Disclaimer: Apparently Carlsberg don’t write my titles..
Back in May 2011, a study was published in Science describing the application of sclerotic ring and orbital morphology in determining daily activity (diel) patterns in extinct archosaurs. Recently, a comment and counter-comment have been published, both with pretty critical rhetoric. I figured that as it appears to be causing a fuss, I’d try and summarise the discussion, and add a few comments here (you know, for the masses of people that read this blog..)
The initial study provides “concrete evidence” of Mesozoic “temporal niche partitioning”, a pretty important find, if indeed valid. Combined with data from extant analogues, the authors infer that the visual ecology of Mesozoic archosaurs was a critical driver in the evolution of diel activity patterns.
Now, seeing as the geological record doesn’t really go down to intra-daily resolution, to infer short-term ecological patterns in extinct archosaurs, we must rely on extrapolating signals from modern analogues, formally known as the ‘extant phylogenetic bracket’ approach. This has been used successfully in many aspects of palaeobiology, ranging from sauropodomorph feeding styles to flight evolution in avian theropods, and is an increasingly useful concept in reconstructing extinct ecological parameters based on the intrinsic link between form and function. This concept is rigorously applied by Schmitz and Motani (2011a) on a range of extinct archosaurs to track the link between orbital and scleral form, and visual function.
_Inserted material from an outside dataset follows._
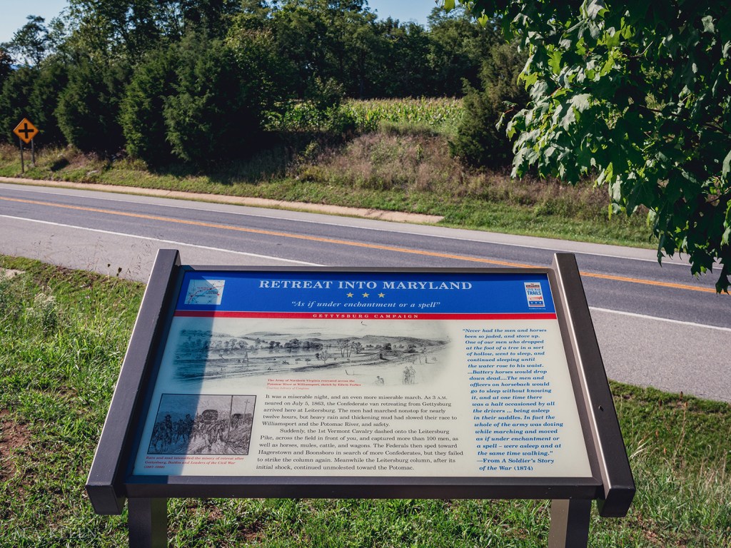 Adding insult to injury, the defeated Confederate Army of Northern Virginia was pounded by rain as it withdrew from Gettysburg. The weary men marched over twelve hours through the muddy mountain passes into Maryland. Around sunrise on July 5, 1863, the 1st Vermont Cavalry Regiment rode into Leitersburg, Maryland and saw the Confederate wagon train ambling through town. Its wagons overflowed with wounded soldiers. The Vermonters dashed into their midst, spoiling for a fight, but the Southern teamsters mostly gave up without a fight. They rode away with around 100 prisoners and destroyed as many wagons as they could before withdrawing.

The basis of this study relies on the fact that in extant amniotes (avians, squamates and mammals), sclerotic and orbital morphology is adequate to discriminate between various functional guilds pertaining to diel activity patterns. Proxies used to describe total morphology are orbital length and the diameter of scleral ring. This is my first issue – based on these proxies, it becomes an assessment of size-function, not form-function (form is the total dimensionality resulting from size and shape). Given the fact that these are relatively simple shapes (ellipses, in two dimensions), it would not have been difficult to use a simple semi-landmark outline profile as a faithful basis for reconstruction, and then run the subsequent discriminant analyses with these data (i.e., a geometric morphometric approach). This would be much more informative in terms of the overall geometry of both the orbit and sclerotic ring.
As in all studies of functional ecomorphology, the ability to distinguish between genuine functional signals, and morphological similarity due to relatedness from common ancestry (i.e., phylogenetic covariance) is critical. The authors state that they compensate for this second factor using a time-calibrated phylogeny. This is fine, as the proxy they use for branch lengths (i.e., chronostratigraphic time) is currently almost the only metric for estimating phylogenetic distance, until someone formally publishes a phylogeny of extinct amniotes using, for example Bayesian methods (which provides estimations of phylogenetic distance), and including all of the species mentioned in the study. Thumbs up.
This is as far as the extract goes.